Code to convert Open Doors imports into a set of tables for importing.

Process

Set up your system and the Open Doors scripts

You will need the following installed before you start (consult the tools' documentation for installation instructions for your operating system):

  • MySQL server 5.7 or higher
  • Python 3.8

Some general tools you will find useful:

  • A text editor which can open and save files with different encodings, and perform regular expression replacing across files in a directory. For example: Sublime Text (on MacOS) or Notepad++ (on Windows)
  • A MySQL client that allows you to view tables side-by-side.
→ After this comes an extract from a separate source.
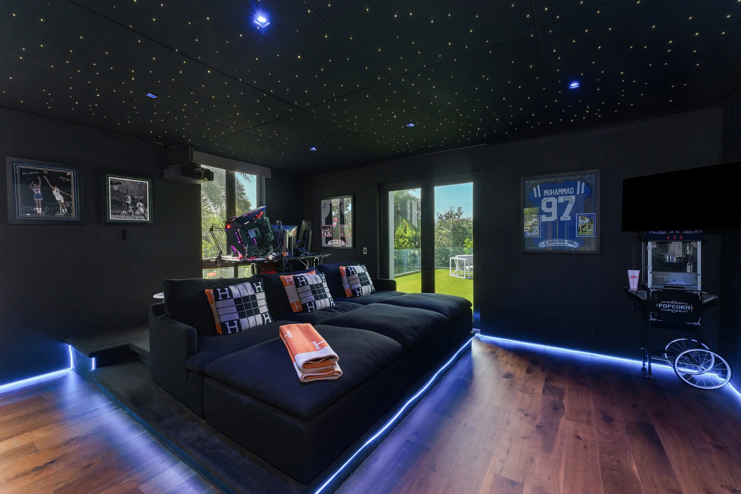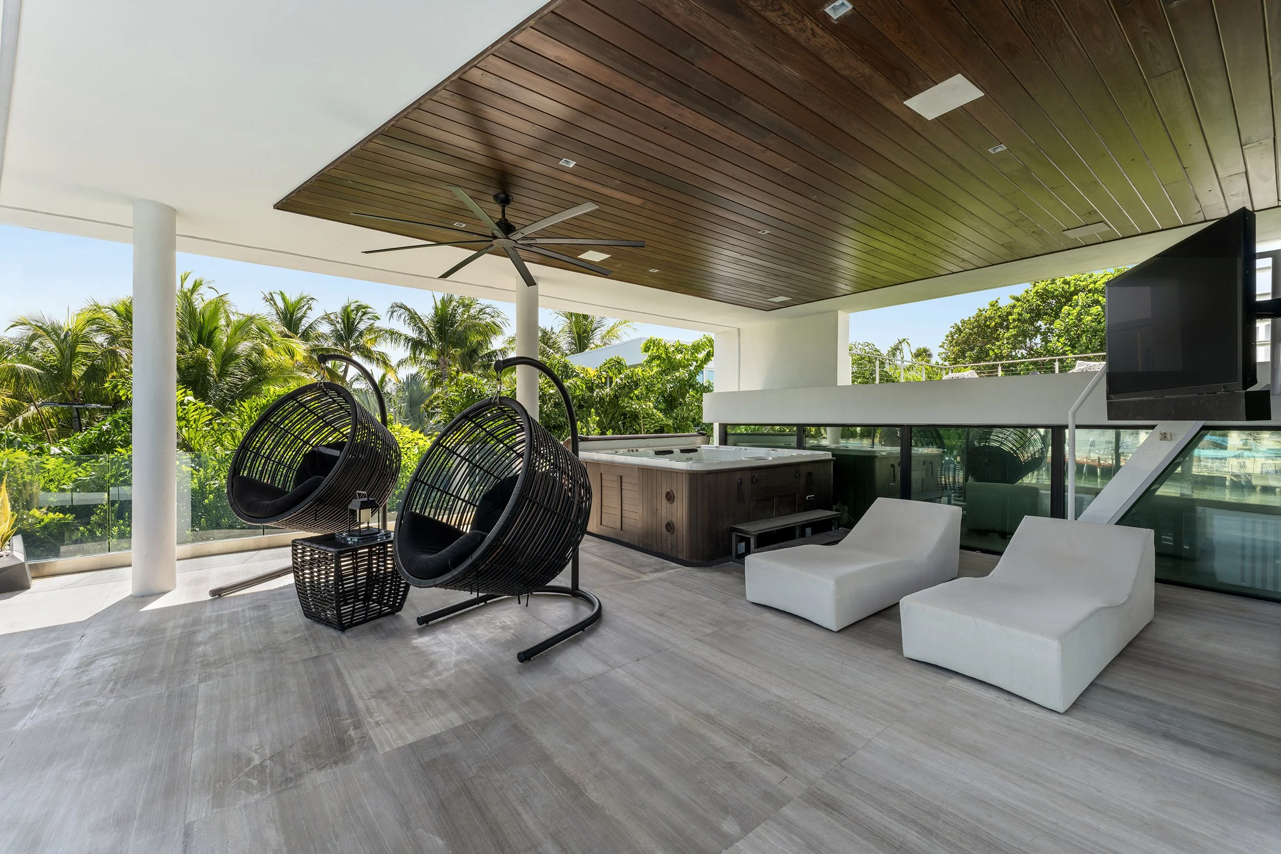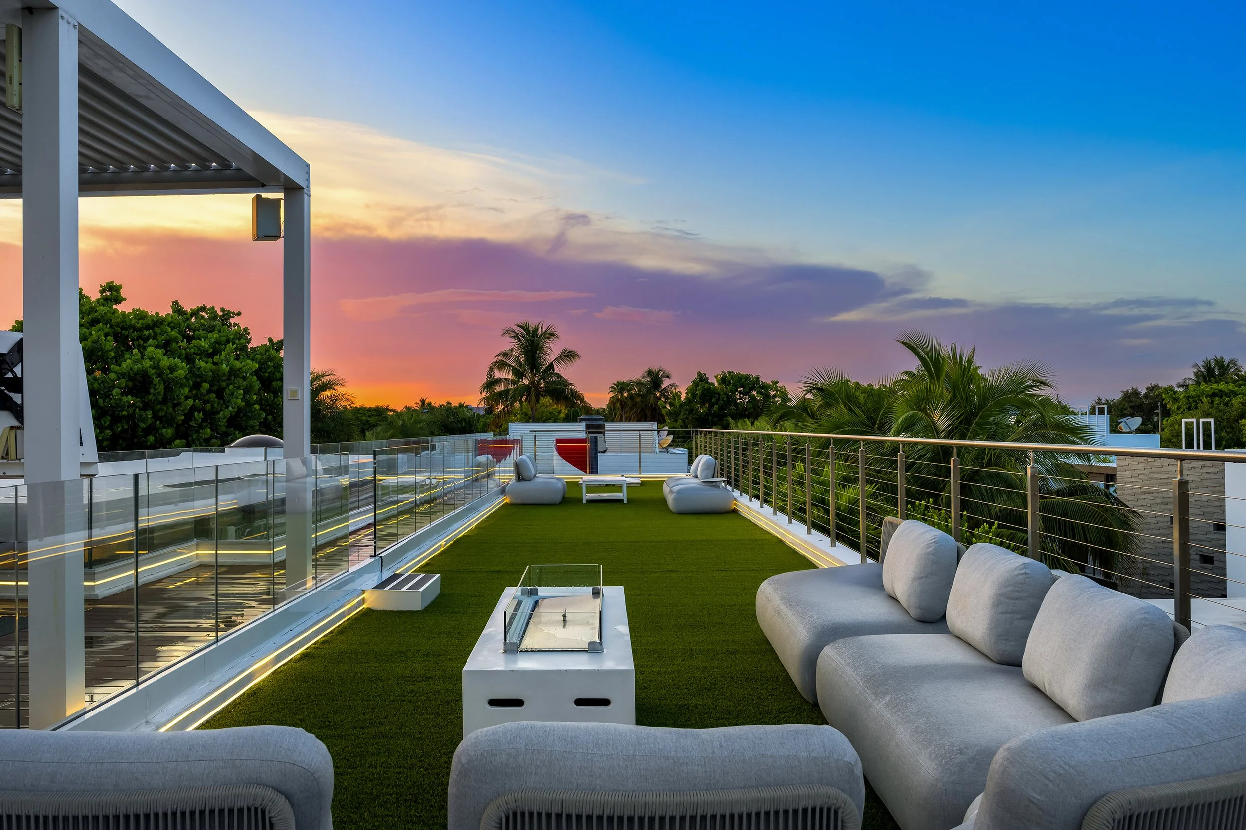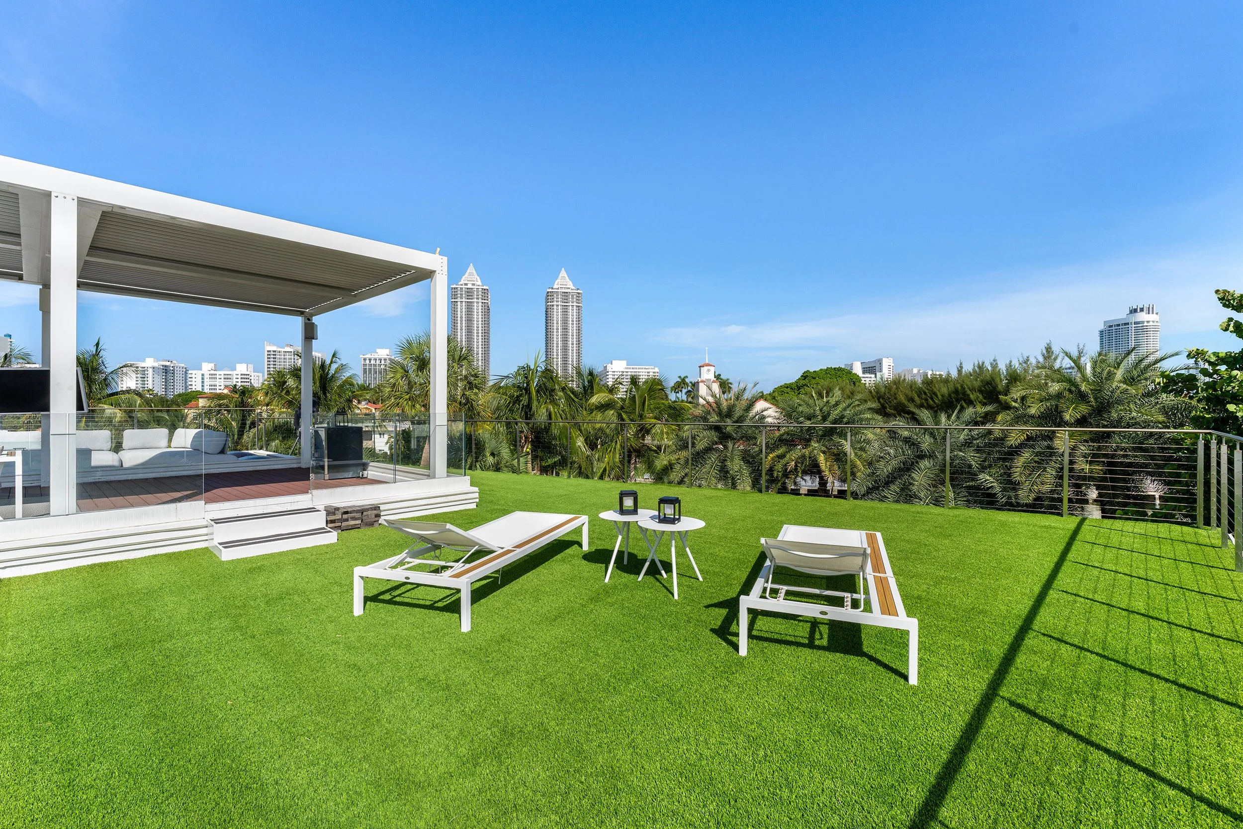 The principal suite is a private retreat, where a sprawling terrace captures serene water views, a spa-inspired bathroom indulges with luxurious fixtures, and a walk-in closet evokes a couture gallery. Four additional en-suite bedrooms envelop family or guests in comfort and style. The estate’s grandeur extends to a state-of-the-art home theater for immersive escapes, a converted garage-turned-gym for wellness devotees, and a rooftop lounge with a fire pit and outdoor television, where Miami’s velvet skies become a canvas for unforgettable nights.

For example: Sequel Pro (MacOS) or MySQL Workbench (all operating systems)
  1. Either clone the repository at https://github.com/otwcode/open-doors-code, or download the code as a zip file. (Note that if you download the code, you will need to download it again when changes are made)
  2. Strongly recommended: create a virtual environment for this project to keep its dependencies separate from other Python projects you might have.
  3. Run pip install -r requirements.txt from the root folder of the project to install required dependencies

Prepare the archive backup for local processing

Note: for eFiction Archives, pre-process the archive using the eFiction Processor.

  1. Copy the archive backup to your local machine. You will need the following files:

    1. The story metadata (authors, titles, summaries, tags etc.)
      • For Automated Archive, this is in a Perl file called ARCHIVE_DB.pl.
      • Other archive types may store their metadata in a custom database, or in flat HTML files. These archives will need bespoke coding or manual processing to create the MySQL tables in step 01.
    2. The story files.
      • For AA, this is usually in a folder called archive.
      • Other archives may store their story contents elsewhere, for instance, in the database itself or as flat HTML files.
  2. Make a copy of example.yml, give it a simple name related to the archive you're processing, and fill it in. See Parameters for the list of properties. You will be prompted for any property you didn't include in the file if it is needed for a given stage.

High-level overview of each step

  • 01 - Load the original data into a temporary database for processing (AA only)
  • 01.5 - Load chapters into the chapters table of the temporary database (AA and custom only)
  • 02 - Extract tags from stories and story links into a new tags table. (AA and custom only)
  • 03 - Export the distinct tags into a spreadsheet to enable wranglers to map tags to AO3 tags, and export story and story link information into spreadsheets used for searching. (all)
  • 04 - Map the tags in the tags table to AO3 tags suggested by wranglers. (all)
  • 05 - Create the final tables that will be used for the temp site and copy all the authors, stories and story links. (all)
  • 06 - Copy the AO3 tags into the final story and story link rows. (all)
  • 08 - Audit the final tables to find common problems. (all)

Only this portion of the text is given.